Problem to work on.
Repeat only the stretch of lines below that runs from the line with "Die moderne Rückwand" through the line with "- <N1 コーラルシャワー>", unaltered.

Exercise materials.
--- --- ---

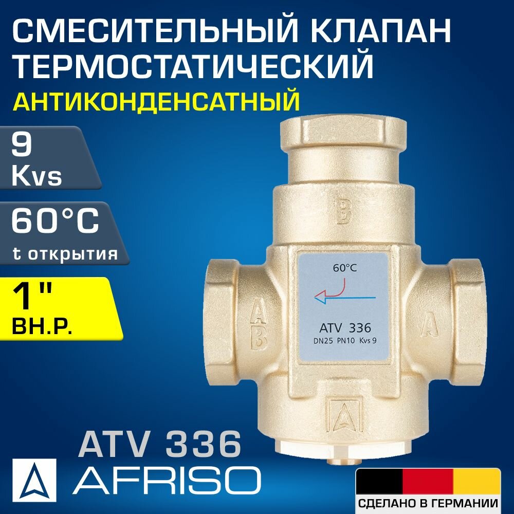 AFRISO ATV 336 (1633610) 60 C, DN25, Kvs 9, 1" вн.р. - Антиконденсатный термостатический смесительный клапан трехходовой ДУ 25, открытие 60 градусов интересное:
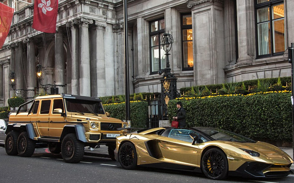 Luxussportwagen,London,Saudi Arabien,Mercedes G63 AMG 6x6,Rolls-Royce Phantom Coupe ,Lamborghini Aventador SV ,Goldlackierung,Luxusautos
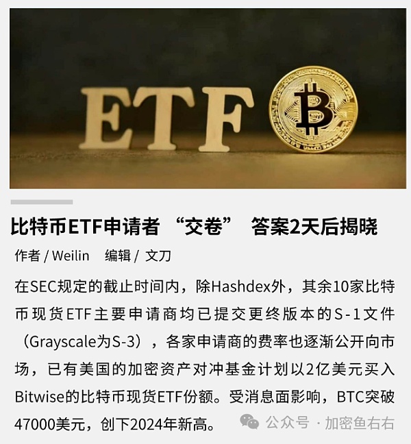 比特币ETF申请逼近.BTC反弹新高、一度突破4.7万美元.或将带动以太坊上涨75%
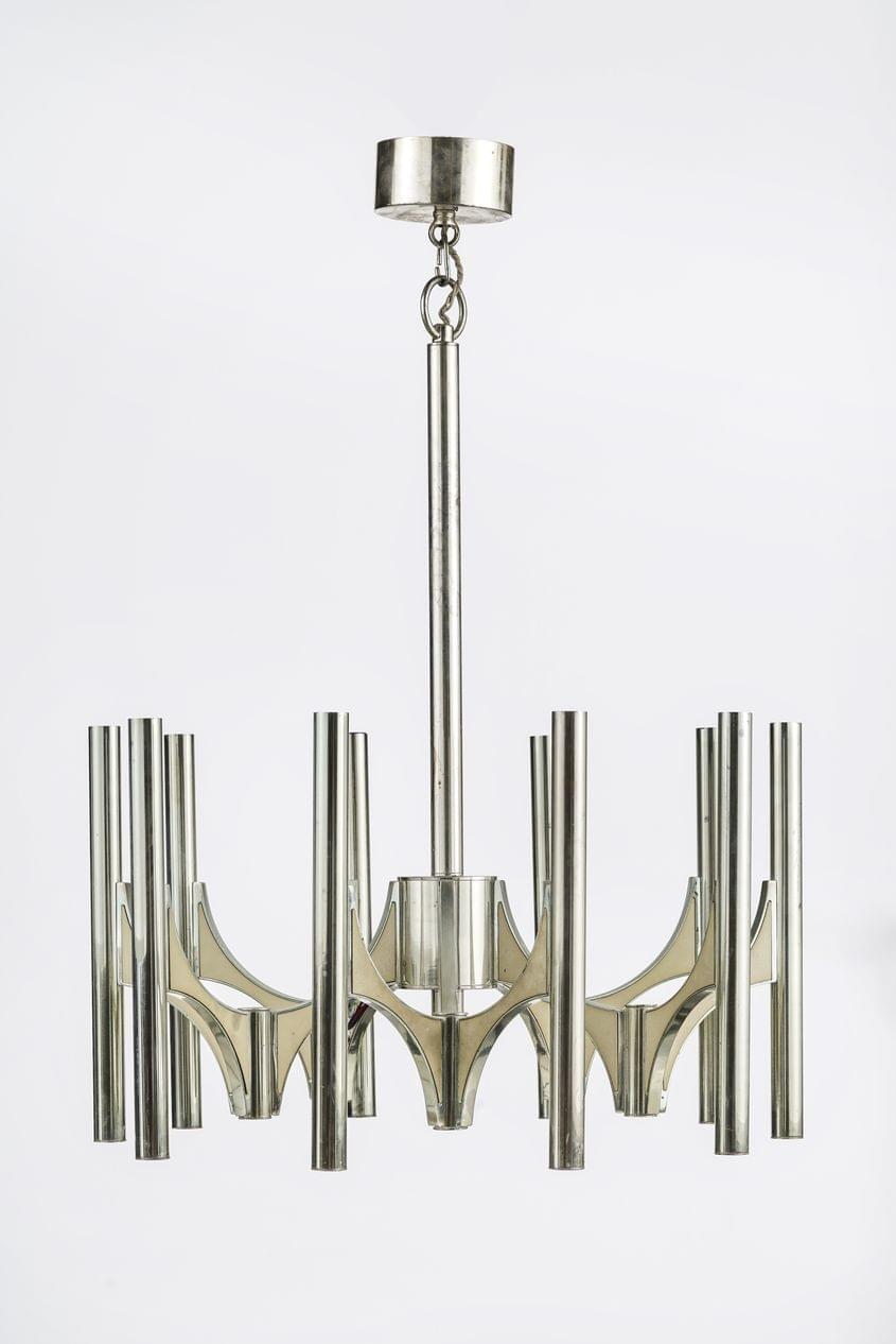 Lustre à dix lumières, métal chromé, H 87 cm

--- --- ---

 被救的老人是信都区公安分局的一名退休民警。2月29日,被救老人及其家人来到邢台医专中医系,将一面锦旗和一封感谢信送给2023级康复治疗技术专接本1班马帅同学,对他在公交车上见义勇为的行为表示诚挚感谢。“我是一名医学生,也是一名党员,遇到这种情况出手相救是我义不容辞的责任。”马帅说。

--- --- ---

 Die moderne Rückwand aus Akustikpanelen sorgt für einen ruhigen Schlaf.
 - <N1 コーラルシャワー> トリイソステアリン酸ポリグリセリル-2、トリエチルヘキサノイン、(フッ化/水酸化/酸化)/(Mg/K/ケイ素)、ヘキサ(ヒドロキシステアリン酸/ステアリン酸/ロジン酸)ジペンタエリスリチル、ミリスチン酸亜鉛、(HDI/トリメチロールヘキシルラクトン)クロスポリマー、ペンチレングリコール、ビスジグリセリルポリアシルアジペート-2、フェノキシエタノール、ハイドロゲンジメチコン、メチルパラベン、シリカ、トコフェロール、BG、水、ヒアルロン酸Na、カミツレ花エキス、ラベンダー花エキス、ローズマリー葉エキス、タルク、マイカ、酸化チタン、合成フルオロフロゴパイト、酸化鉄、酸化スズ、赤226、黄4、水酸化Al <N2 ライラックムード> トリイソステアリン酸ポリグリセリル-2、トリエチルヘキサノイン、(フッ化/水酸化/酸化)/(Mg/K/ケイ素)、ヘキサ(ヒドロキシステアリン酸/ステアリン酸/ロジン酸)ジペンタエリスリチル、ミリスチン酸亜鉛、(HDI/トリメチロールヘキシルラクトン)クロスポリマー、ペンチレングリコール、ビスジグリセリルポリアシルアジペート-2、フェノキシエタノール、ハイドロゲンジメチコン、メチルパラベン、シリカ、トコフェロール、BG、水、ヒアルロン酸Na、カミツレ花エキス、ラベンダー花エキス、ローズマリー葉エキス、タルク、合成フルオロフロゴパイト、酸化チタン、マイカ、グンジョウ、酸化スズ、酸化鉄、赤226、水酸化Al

--- --- ---

Task output.
 Die moderne Rückwand aus Akustikpanelen sorgt für einen ruhigen Schlaf.
 - <N1 コーラルシャワー> トリイソステアリン酸ポリグリセリル-2、トリエチルヘキサノイン、(フッ化/水酸化/酸化)/(Mg/K/ケイ素)、ヘキサ(ヒドロキシステアリン酸/ステアリン酸/ロジン酸)ジペンタエリスリチル、ミリスチン酸亜鉛、(HDI/トリメチロールヘキシルラクトン)クロスポリマー、ペンチレングリコール、ビスジグリセリルポリアシルアジペート-2、フェノキシエタノール、ハイドロゲンジメチコン、メチルパラベン、シリカ、トコフェロール、BG、水、ヒアルロン酸Na、カミツレ花エキス、ラベンダー花エキス、ローズマリー葉エキス、タルク、マイカ、酸化チタン、合成フルオロフロゴパイト、酸化鉄、酸化スズ、赤226、黄4、水酸化Al <N2 ライラックムード> トリイソステアリン酸ポリグリセリル-2、トリエチルヘキサノイン、(フッ化/水酸化/酸化)/(Mg/K/ケイ素)、ヘキサ(ヒドロキシステアリン酸/ステアリン酸/ロジン酸)ジペンタエリスリチル、ミリスチン酸亜鉛、(HDI/トリメチロールヘキシルラクトン)クロスポリマー、ペンチレングリコール、ビスジグリセリルポリアシルアジペート-2、フェノキシエタノール、ハイドロゲンジメチコン、メチルパラベン、シリカ、トコフェロール、BG、水、ヒアルロン酸Na、カミツレ花エキス、ラベンダー花エキス、ローズマリー葉エキス、タルク、合成フルオロフロゴパイト、酸化チタン、マイカ、グンジョウ、酸化スズ、酸化鉄、赤226、水酸化Al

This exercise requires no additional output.